Alarming Drop: African Tech Funding Rebound Leaves Women Behind
Despite a recovery in total investment volumes, gender diversity in African tech funding experienced a significant decline in 2025, according to the latest African Tech Startups Funding Report by Disrupt Africa. The report highlights a worrying trend where, even as the overall venture capital landscape stabilized, representation for women founders continued its downward trajectory.
In 2025, a total of 178 startups successfully raised $1.64 billion. While the number of funded ventures saw a slight dip, the total funding amount increased by a substantial 46.2% compared to the previous year, 2024. However, this growth in capital did not translate into improved gender representation. Only 30 of the funded startups, equating to 16.9%, had at least one woman on their founding team in 2025. This figure marks a further reduction from 37 startups (18.5%) in 2024 and a more significant drop from 107 startups (26.3%) in 2023.

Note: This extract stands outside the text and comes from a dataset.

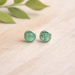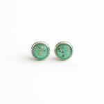Voici une paire de boucle d'oreille de couleur vert pailleté ,cabochon de 10mm et attache en argent 925 .

This decline extends a consistent downward trend observed over several years. In 2022, 128 funded startups, representing 20.2% of the total, included a female co-founder. The figure stood even higher in 2021, at 121 startups or 21.5%. The data strongly suggests that the consolidation phase following the recent capital crunch has regrettably failed to enhance gender representation among funded ventures across the African continent.
Further reinforcing these findings, Disrupt Africa's separate Diversity Dividend report concluded that progress towards achieving gender balance within the ecosystem has been limited and remains considerably far from parity. This indicates a systemic issue that goes beyond mere fluctuations in funding cycles.
Key insights from the report underscore that while African tech funding has indeed stabilized after a global slowdown in venture capital, this stability appears to be accompanied by a concentration of capital. This concentration disproportionately benefits a smaller pool of more established founders, often at the direct expense of fostering diversity within the startup landscape.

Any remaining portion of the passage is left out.